Read on as Chris gives us a picture of navigating through life with his daughter’s challenges.

 

Dad…
Tap-tap-tap on the shoulder.
Daaa-aaad…
Here I was, trying to focus on God as we worshipped during small group, and my twelve-year-old son couldn’t even leave me alone here. I just wanted a single, solitary moment free of the kids. Sighing meaningfully, I opened my eyes and prepared to remind him that this was time to learn.
Then I saw the look in his eyes. A mixture of anger, embarrassment and helplessness. Instantly I knew what the problem was. Or rather, who the problem was. Familiar thoughts and worries flew into my mind.
I found myself paralyzed with fear, not wanting to deal with it again. A flush of tears stirred under my eyes. I felt lost. Before I could move past this and put my Father Hat on, my wife followed my son out of the room.
Twenty minutes later, she returned to the room. I caught her eye, and she mouthed to me that Cindy hit another child. Apparently our daughter didn’t get to play the Wii game she wanted to play, so she lost emotional control.

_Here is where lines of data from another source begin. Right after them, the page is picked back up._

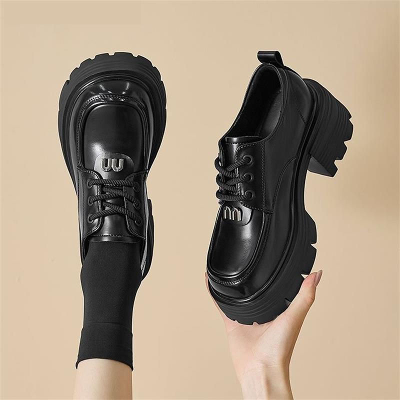 Женские черные кожаные лоферы 2024: Ботинки в британском стиле на толстой подошве из мягкой кожи на шнуровке для весны и осени. Size 35 грязно-белый
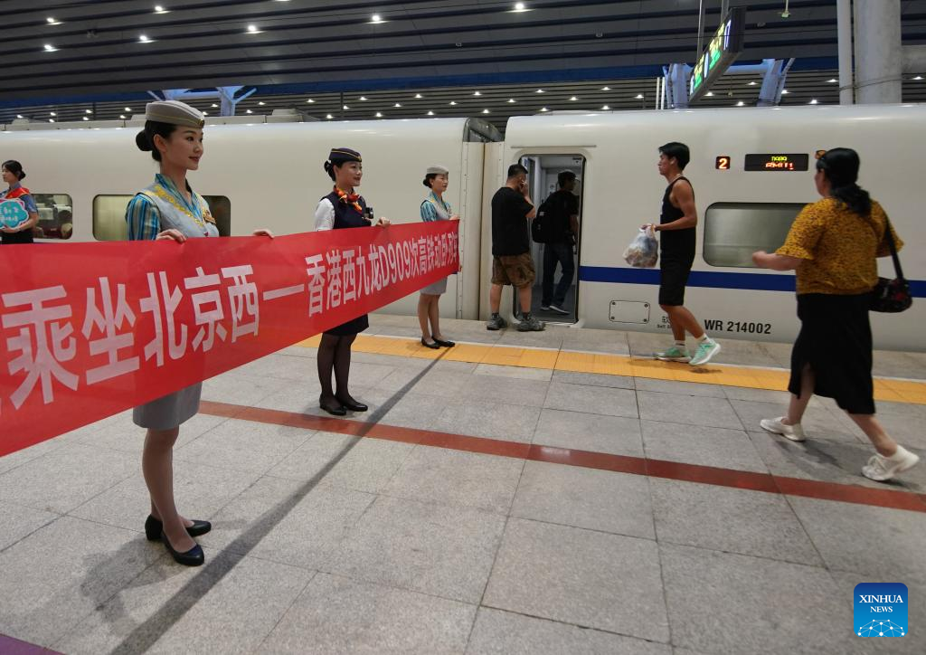 The high-speed sleeper train D909 bound for Hong Kong's West Kowloon Station departs from Beijing West Railway Station in Beijing, capital of China, June 15, 2024. High-speed sleeper trains linking Beijing and Shanghai with Hong Kong commenced operations on Saturday.
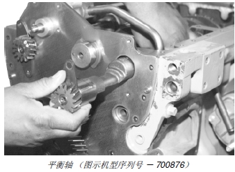 重要提示: 平衡軸必須安裝在原來(lái)拆下的位置。顛倒平衡軸位置會(huì)造成平衡軸襯套和平衡軸過(guò)度磨損。如果懷疑軸的位置安裝不當(dāng),應(yīng)重新安裝平衡軸和襯套。
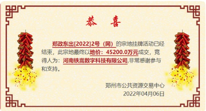而河南铁嵩数字科技有限公司以4.52亿元底价竞得郑政东出[2022]2号(网)地块使用权。该地块位于育翔路南、龙湖内环东路西,面积57.25亩,为零售商业、批发市场、餐饮、旅馆用地、商务金融用地。
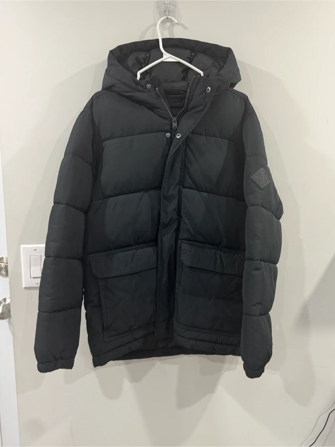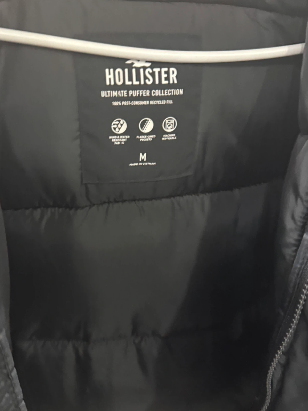 36Selling a Hollister Ultimate Puffer Collection jacket in size medium! It's black and made with 100% post-consumer recycled fill. It's designed to be wind and water resistant, and the pockets are fleece-lined for extra warmth. Plus, it's machine washable for easy care
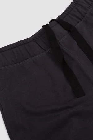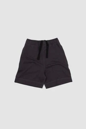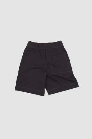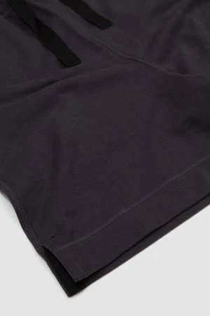 Organic cotton loopback jersey short. Relaxed fit. Elasticated waist with herringbone drawcord. Concealed side pockets. Button-through patch back pocket. Flatlock stitch detailing.

Every parent has been here, in this place. Your child is just not acting like you want them to. Like they should act. It seems they are not capable of behaving in public, so you remain on edge. Wondering when and where you will next have to “learn to manage” your child.
We have another level of challenge, one some of you may relate to. Our daughter is autistic and epileptic, so there are certain aspects of Cindy’s behavior that are beyond her ability (and ours) to “manage”.
So many myths about chronic illness can disrupt Cindy’s life and hold her hostage. Moments like her episode in small group remind my wife and I how vital it is to teach our daughter and her brothers the truth and empower them to live unhindered by these terrible lies.
We are all learning each day to push down the worries and focus on how to ensure our whole family knows the important things in life:
We are loved as we are by God.
We are accepted despite how we may act.
Cindy is not less-than because of her illnesses, and she is not defined by her chronic conditions.
She is more than her epilepsy, greater than her autism.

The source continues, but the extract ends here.